Der letzte Freitag im Januar ist nun da und auch heute gibt es einen Text für den WritingFriday bei Elizzy:-)

https://readbooksandfallinlove.com/2018/01/26/writingfriday-week-4/
Ich habe mich heute für folgendes Thema entschieden:
-Beschreibe den letzten Traum, an den du dich erinnerst, so detailliert wie möglich.

Den letzte Traum, an den ich mich detailliert erinnere, hatte ich am Wochenende.
Wie es oft bei Träumen ist, war ich natürlich mittendrin im Erlebnis und in der Situation und Szene.

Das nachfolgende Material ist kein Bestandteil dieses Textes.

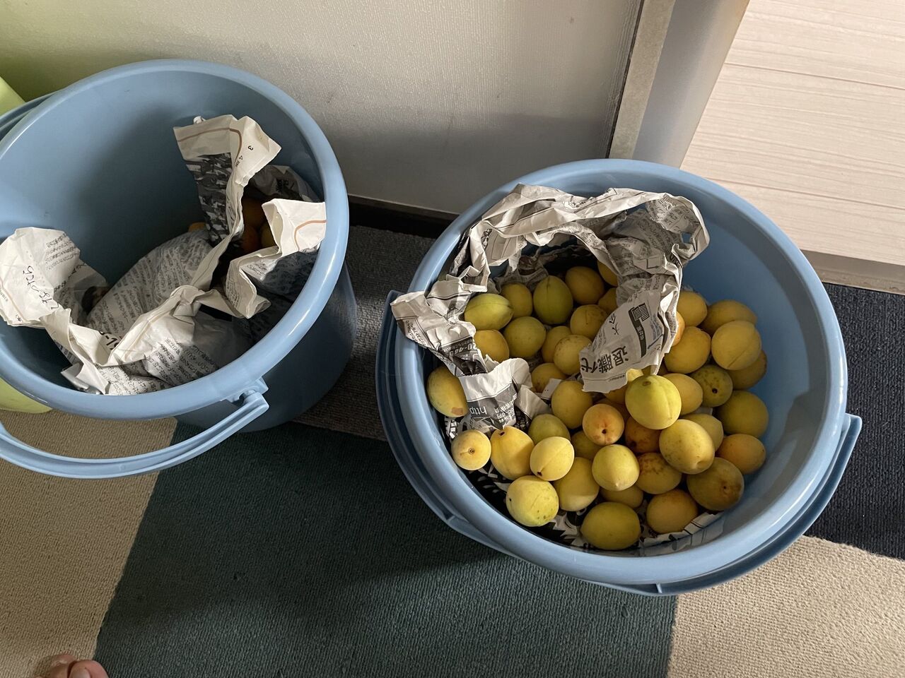 今回は、嫁はんのご実家から青梅を貰う事になりました。いつも栗を送ってもらっているのですが、栗ができる様な所は、梅もできるのです。送ってもらった量は、約6キロ。既に2キロは予約が入っていましたので、4キロ分がウチ用です。傷んでるものを弾いて、それは梅シロップに回し、あとはバケツにし梅と新聞紙を交互に重ねて、3日間、黄熟させます。

Ich träumte, dass ich mit meinem Freund im Urlaub bin. Es war recht spät, denn es war sehr dunkel und die Straßenlaternen waren überall an. Es war auf jeden Fall ein Sommerurlaub, denn es schien recht warm zu sein. Zumindest hatte ich das Gefühl zu schwitzen und auch die Kleidung, die mein Freund und ich trugen, sprach für Sommer. Mein Freund trug ein blaues t-Shirt und eine knielange Jeanshose und seine roten Schuhe, die er so gerne mag. Ich weiss noch genau, was er anhatte, denn er hatte auch noch einen türkisfarbenen Schal um den Hals gewickelt gehabt. Allerdings weiss ich nicht aus welchem Grund:-) Ich trug ein weisses, leichtes Sommerkleid und hatte eine lange, weisse Perlenkette um den Hals. Meine Schuhe trug ich in der Hand. Es waren schwarze Sandalen zum Binden. Solche Schuhe besitze ich gar nicht. Meine ganz persönlichen Traumschuhe waren das wohl:-)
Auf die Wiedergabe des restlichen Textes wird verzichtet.